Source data
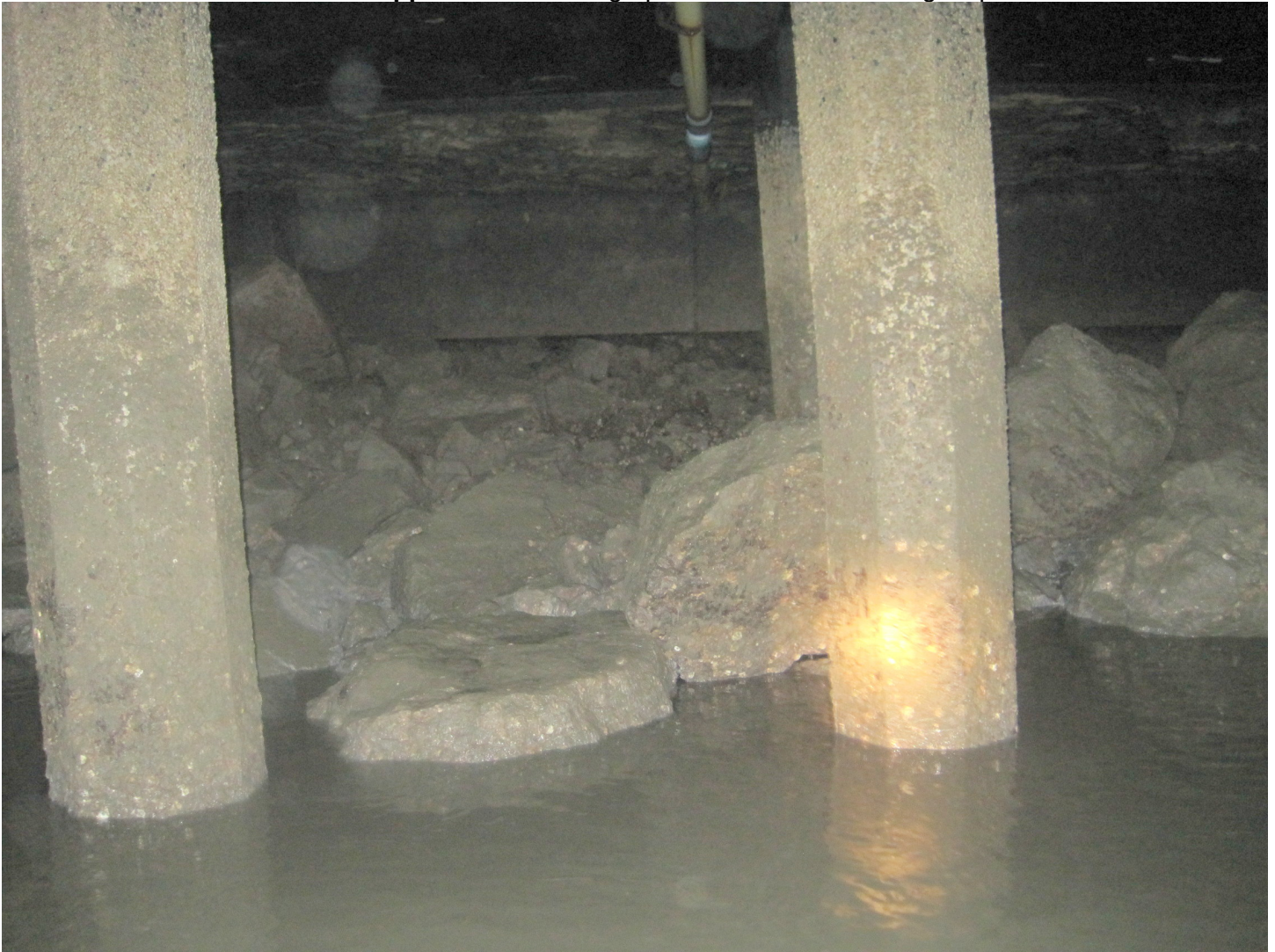
Photo 1. Undermining of rip-rap and slurry may be present
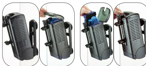
Tilt & Flip
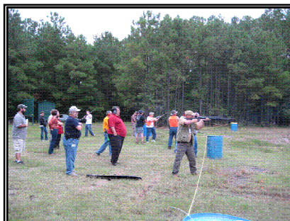
Shooters at the 90-Foot Firing Line
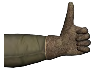
Friendly Thumbs up
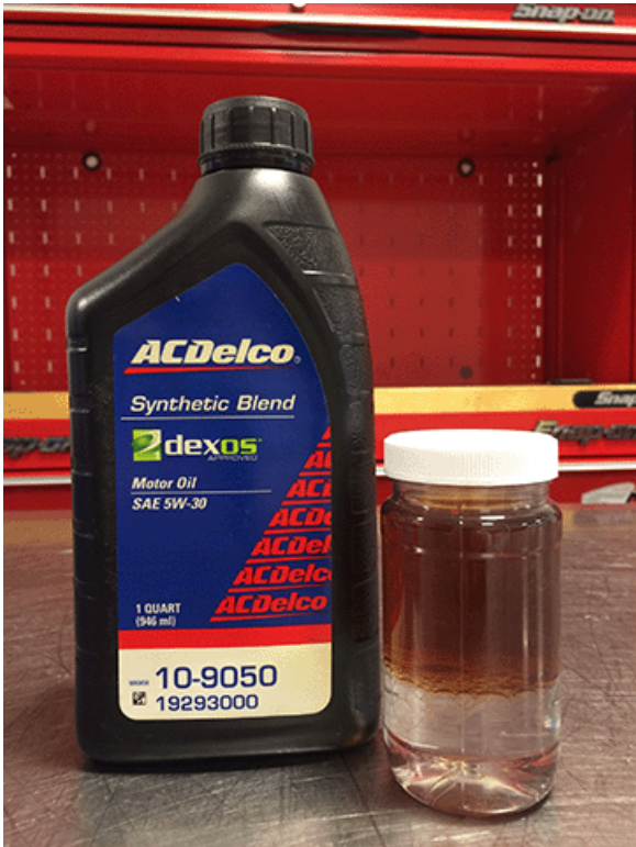
Diesel Exhaust Fluid (DEF) mixed with Engine Oil.
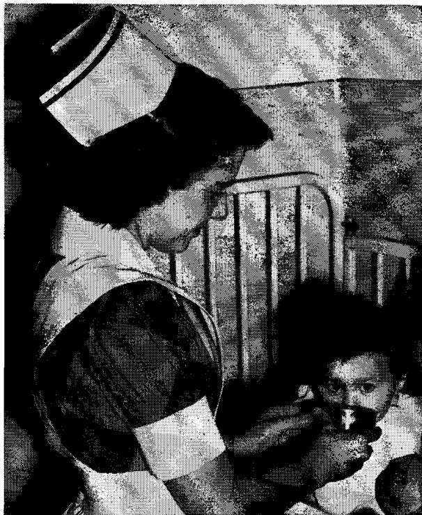
A TYPICAL PATIENT AT THE DOERNBECHER MEMORIAL HOSPITAL
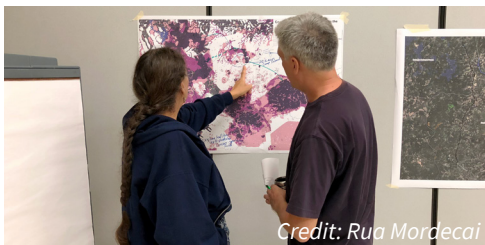
The Blueprint helps identify potential longleaf corridors.
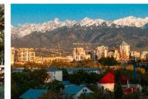
Regional Hub Almaty, Kazakhstan
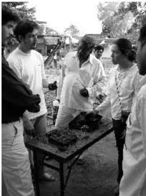
Agricultural graduates from Mexico demonstrate how to make a mud base for seedlings in place of plastic bags.
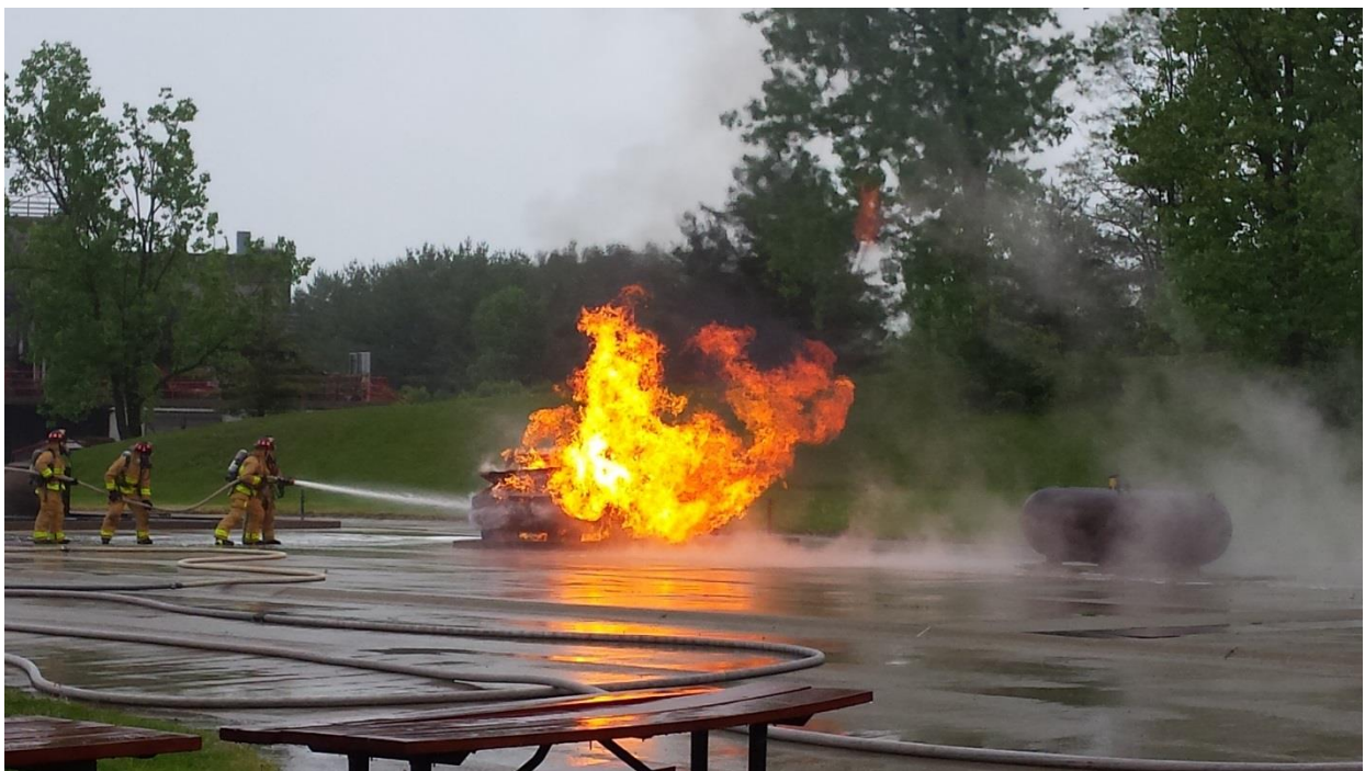
Auto fire training (May)
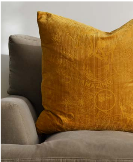
Image: Amazing Jumbo 60cm by 60cm Cushion in Mustard
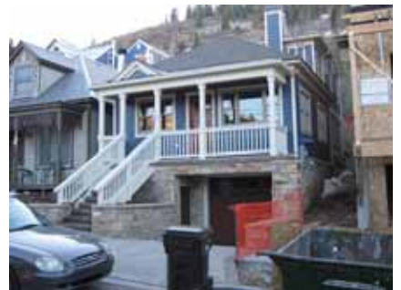
411 PARK AVENUE Significant Site Designated Feb. 4, 2009

Sites listed alphabetically by street name then numerically by building number. Only Main Building shown - see individual Historic Site Form for Accessory Buildings and/or Structures on the site. Date HPB designated site to the HSI.
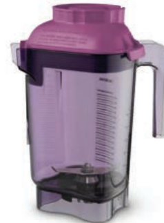
Advance® Purple Container 1.4 Litre

(TASK DESCRIPTION)
Repeat only the lines from the line with "Agricultural graduates from" to the end of the entries, including both the first and the last line, and drop every picture.

(ANSWER)
Agricultural graduates from Mexico demonstrate how to make a mud base for seedlings in place of plastic bags.
Auto fire training (May)
Image: Amazing Jumbo 60cm by 60cm Cushion in Mustard
411 PARK AVENUE Significant Site Designated Feb. 4, 2009

Sites listed alphabetically by street name then numerically by building number. Only Main Building shown - see individual Historic Site Form for Accessory Buildings and/or Structures on the site. Date HPB designated site to the HSI.
Advance® Purple Container 1.4 Litre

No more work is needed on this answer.